Smith has kind words for McAuliffe and McCaskill but portrays Corzine, a former Goldman Sachs chief executive, as aloof, never warming to the reality that elections are about retail politics and people. Despite this, Smith omits mention of the markets-moving failure of MF Global, a Corzine-run commodities brokerage that left a wake of ruin.
“I simply do not know where the money is, or why the accounts have not been reconciled to date,” Corzine testified before a congressional committee. “I do not know which accounts are unreconciled or whether the unreconciled accounts were or were not subject to the segregation rules.”
Corzine holds an MBA from the University of Chicago.
Smith is candid about the corrosive effects of the Democrats’ lurch left.
“If someone doesn’t support every policy on their progressive wish list … they’re branded an enemy or a Republican in disguise. If these ideological purists think a West Virginia Democrat is bad, wait till they get a load of the Republican alternative.”
But Smith also falls victim to ideological myopia. Discussing the death of Michael Brown in Ferguson, Missouri in 2014 and its considerable political consequences, she appears to solely blame the Ferguson police for the death of the African American teen, who she says was “shot to death in broad daylight”. Like Hillary Clinton, Smith neglects to mention that police fired after Brown lunged for an officer’s gun. She also does not mention that Brown tussled with a convenience store owner before his confrontation with the law.

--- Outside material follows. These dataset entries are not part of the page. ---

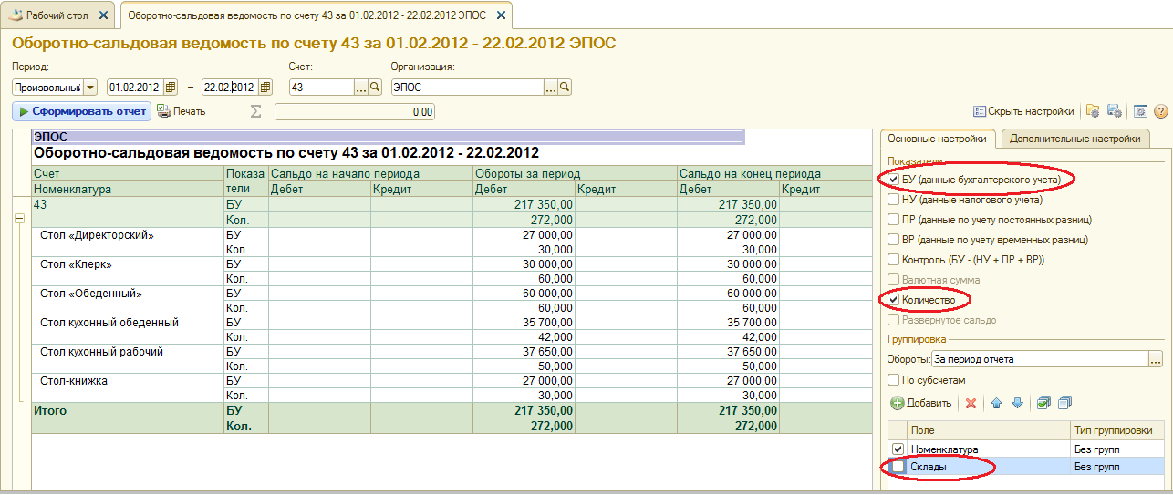 Убедитесь, что дебетовый оборот за период составляет 217 350.00 руб.; а общее количество готовой продукции, переданной из производства – 272 единицы.
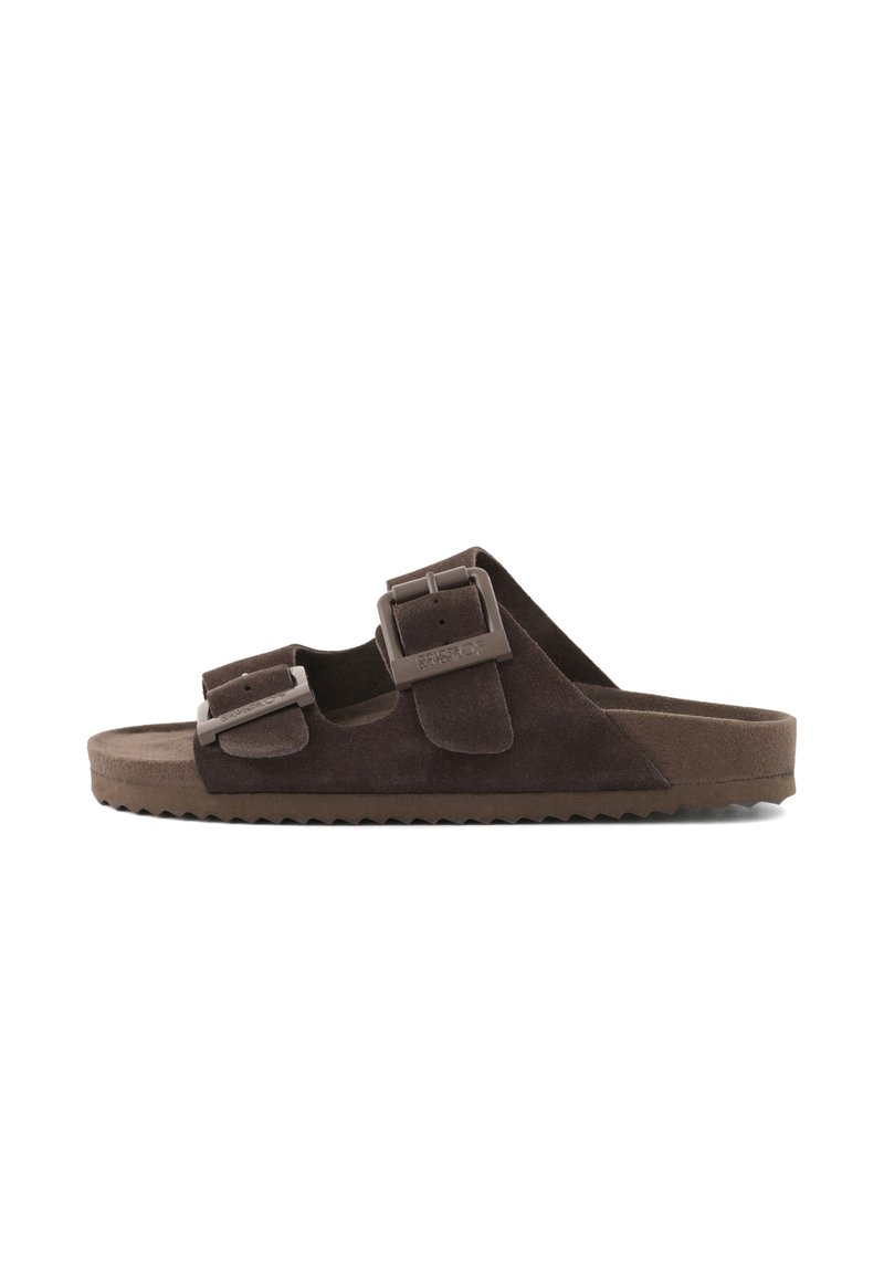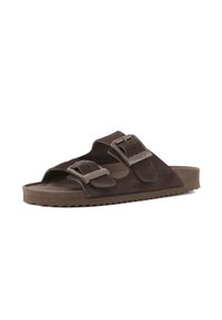 Hnedá semišová šmykľavá sandála s dvoma nastaviteľnými remienkami so sponami a rebrovanou podrážkou.
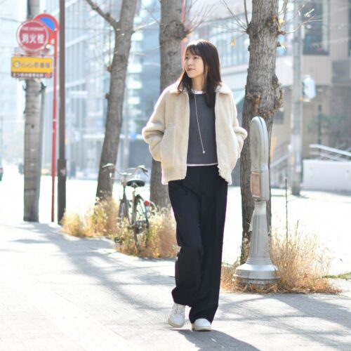 クリームがかったお色目のムートンが適度な可愛らしさのあるデザイン。

Inadvertently, Smith highlights the volatility of the Democrats’ multicultural, upstairs-downstairs coalition. Worship at the twin altars of identity politics and political correctness exacts a steep price in votes and can negatively impact human life. See New York City’s current crime wave for proof.
Smith reserves some of her sharpest digs for Roger Stone, convicted and then-pardoned confidante of Donald Trump, pen-pal of the Proud Boys and Oath Keepers. She calls him a “stone-cold sociopath”. But she skates over animus that existed between Stone and Spitzer, her ex. In 2007, Stone allegedly left a threatening telephone message for Spitzer’s father, a real estate magnate. Months later, Stone told the FBI Spitzer “used the service of high-priced call girls” while staying in Florida.
In the end, Smith is an idealist.
“I believe in the power of politics to improve people’s lives,” she writes. “I still believe there is hope for the future.”